Helicobacter pylori, cagA, pathogenicity island.

Introduction

Helicobacter pylori (H. pylori) are gram negative bacteria that colonize the body and the antrum of the human stomach causing gastritis and complications such as gastric and duodenal ulcers, MALT lymphoma and gastric adenocarcinoma (1-3). The outcome of the disease depends on environmental factors, the host and the bacterium (1-3). Among the characteristics attributed to the organism are several virulence factors which allow it to colonize the gastric mucosa, survive in the acidic environment of the stomach and evade the immune response (1, 2).

Unlike other enteric pathogens such as Salmonella and Yersinia that have evolved mechanisms to invade the M cells of the intestinal epithelium, H. pylori remains primarily in the gastric mucus outside of the gastric epithelial cells. However, thanks to several virulence factors, it is capable of triggering signals in host cells that interfere with basic cellular processes and which ultimately culminate in the onset of disease (1, 4). One of the most studied virulence factors encoded within the pathogenicity island is the cag A gene the protein it codes for, Cag A (2-4). H. pylori strains capable of coding for this protein are called Cag A positive strains. The gene has been found in approximately 90% of all patients infected with the microorganism whose presence has been associated statistically with duodenal ulcer, gastric mucosa atrophy and gastric cancer (5).

The objective of this review is to broaden the outlook on the importance of the pathogenicity island to cagA in H. pylori and to analyze how some of the genes in this island contribute to the development of gastroduodenal diseases.
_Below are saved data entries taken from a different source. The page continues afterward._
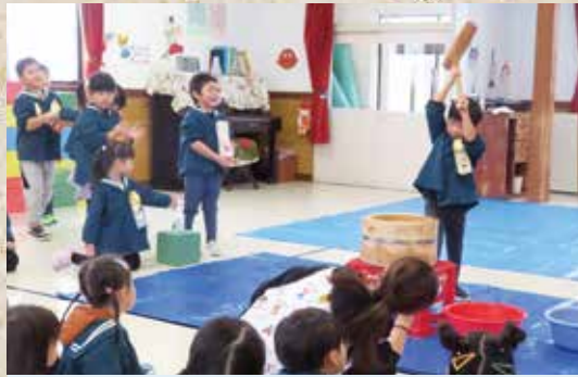
12月1日 高田幼稚園おもちつき
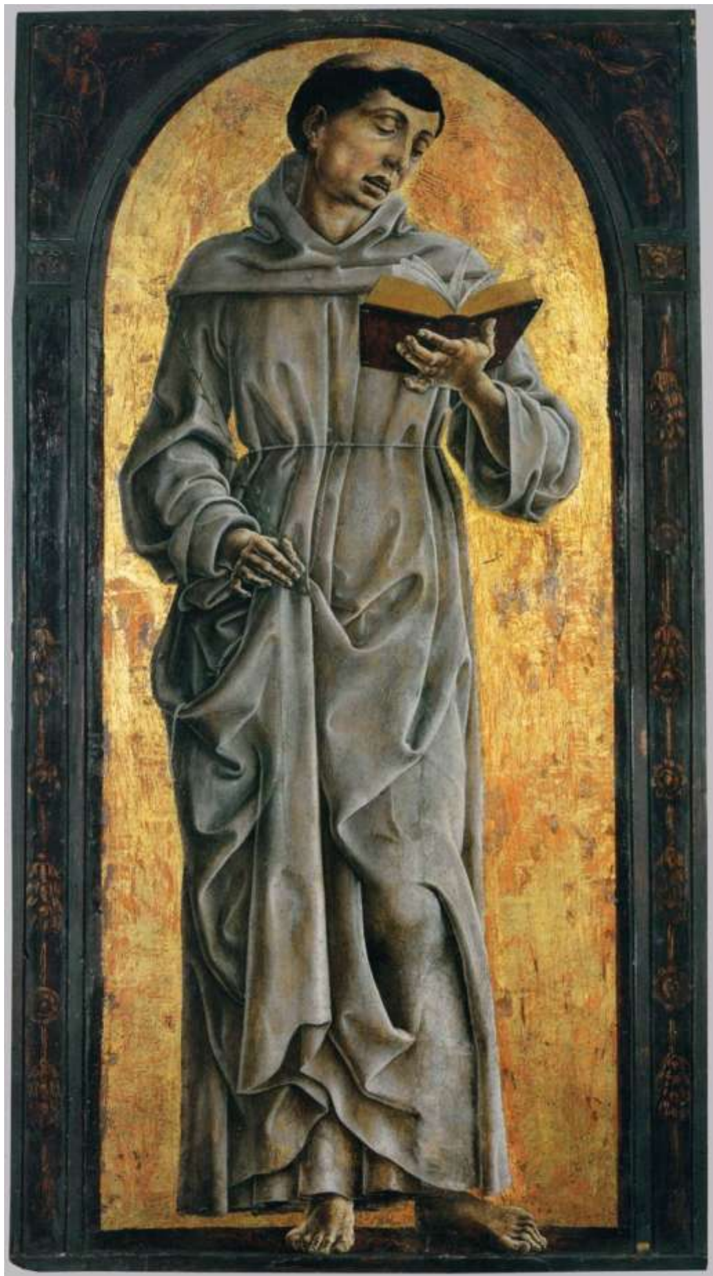
Илл. 87.6. Козимо Тура. Св. Антоний Падуанский, читающий.
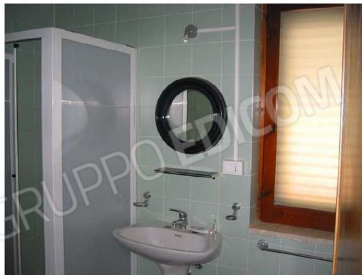
WC - DOCCIA
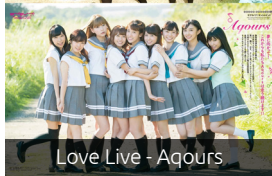
Love Live - Aqours
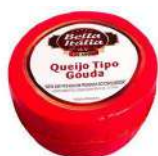
CÓDIGO: 143 GOUDA BELA ITÁLIA 3KG
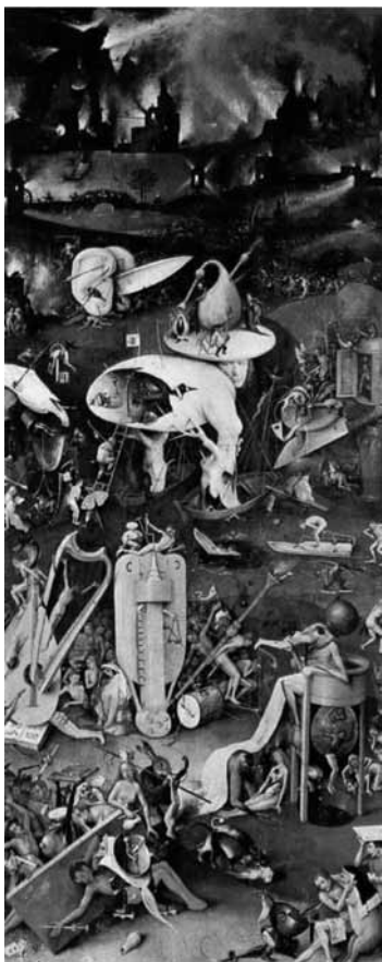
Figura 11. En el infierno del Jardín de las Delicias (finales del siglo XV), los condenados son torturados por cacofonías procedentes de instrumentos gigantescos.
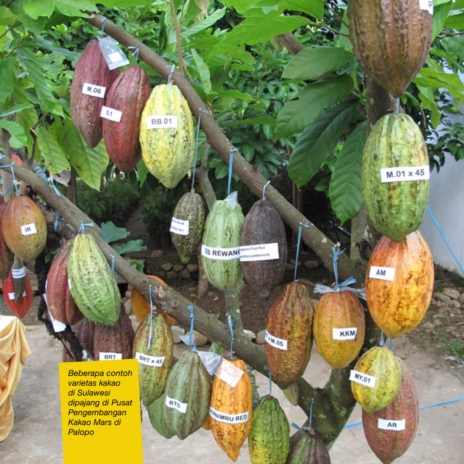
Beberapa contoh varietas kakao di Sulawesi dipajang di Pusat Pengembangan Kakao Mars di Palopo
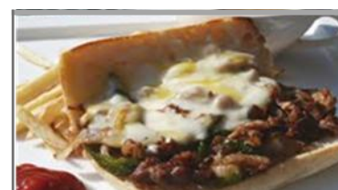
フィリーズチーズステーキ
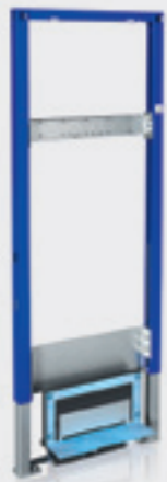
Bâti-support Duofix PLUS douche de plain pied pour robinetterie murale apparente

Robinetterie : murale encastrée Champ d'application : pour construction neuve ou rénovation, pour pose en applique
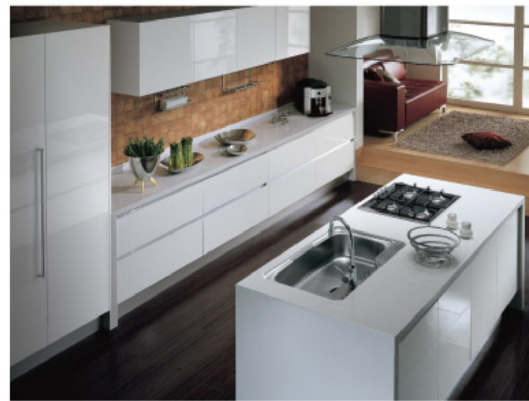
【13-2】オリジナルキッチン (RESEAU)
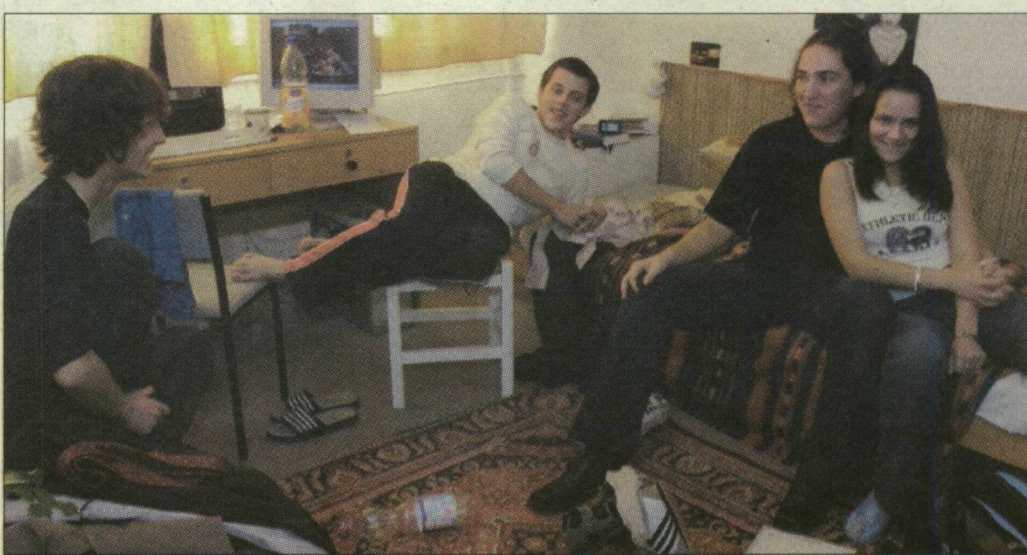
Édes élet a kollégiumban – szerencsés, akinek jut férőhely
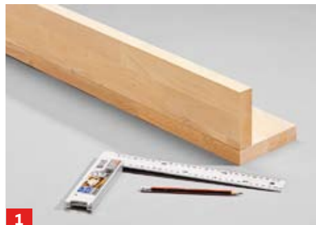
1 Die winkelförmigen Stützen werden aus 27er Leimholz gefertigt. Die stumpf miteinander zu verleimenden Bauteile ...

Das Gestell aus massivem, 27 mm starkem Buche-Leimholz ist simpel konstruiert. Die enorme Stabilität wird jedoch nicht nur durch die Materialstärke erreicht, sie entsteht vor allem durch die Konstruktion der Stützen in Form von Winkeln
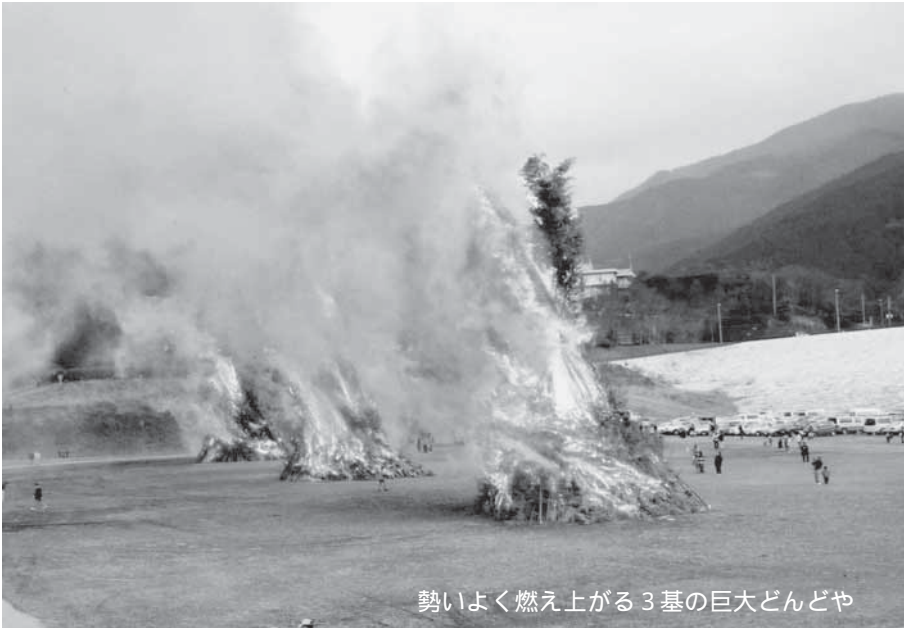
勢いよく燃え上がる3基の巨大どんどや
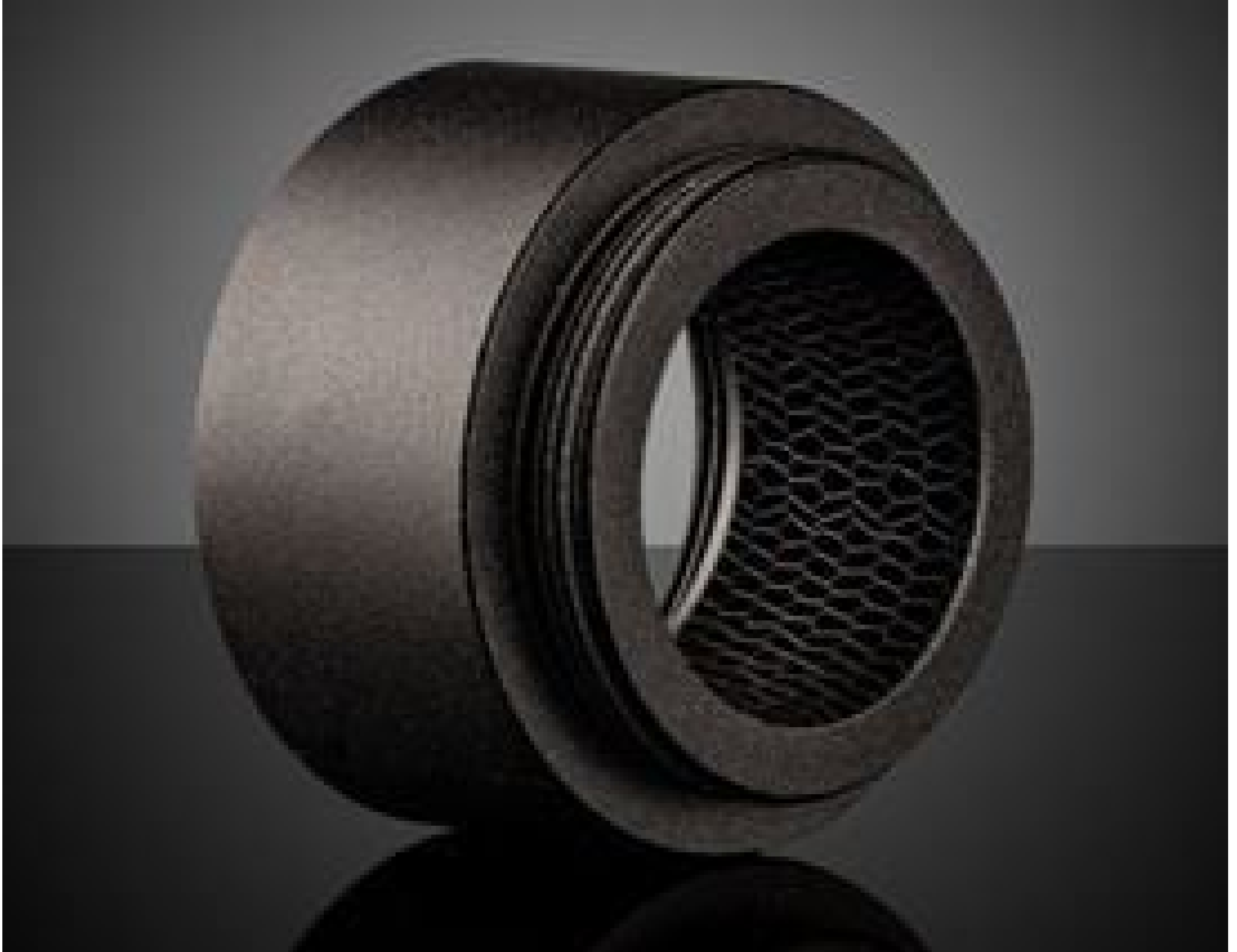
15mm Length, Acktar Hexa-Black™ C-Mount Noise Reduction Extension Tube

PAI General Characteristics

Bacterial evolution is not a continuous process. It can result from horizontal transfer by acquiring DNA segments of unknown origin which are integrated into the bacterial chromosome by homologous recombination (4). This new portion of the integrated DNA is known as an island. Its DNA can code for multiple proteins involved in iron storage systems, metabolic enzymes, secretion systems, cell surface proteins, adherence factors, toxins and so on (4, 6). The pathogenicity islands (PAIs) are characterized by the following: they have a guanine-cytosine content (GC) different from the rest of the genome, they have a constant codon which adapts to the bacterial chromosome, they are surrounded by direct repeats (DR); they are associated with gene transfer RNA (tRNA); and they have genes that code for mobile factors such as integrase, transposase and insertion sequence elements (IS) (6). The importance of the DR regions of tRNA genes and IS elements is that they act as deletion sites for PAIs causing them to be unstable (6). However, these regions can also act as DNA binding sites. In H. pylori, one of the sequences which serves as a binding site is the glr gene encoding glutamate racemase (6). Thanks to the presence of these regions after the initial acquisition of foreign DNA, PAIs can be optimized according to the needs of the recipient cell (4).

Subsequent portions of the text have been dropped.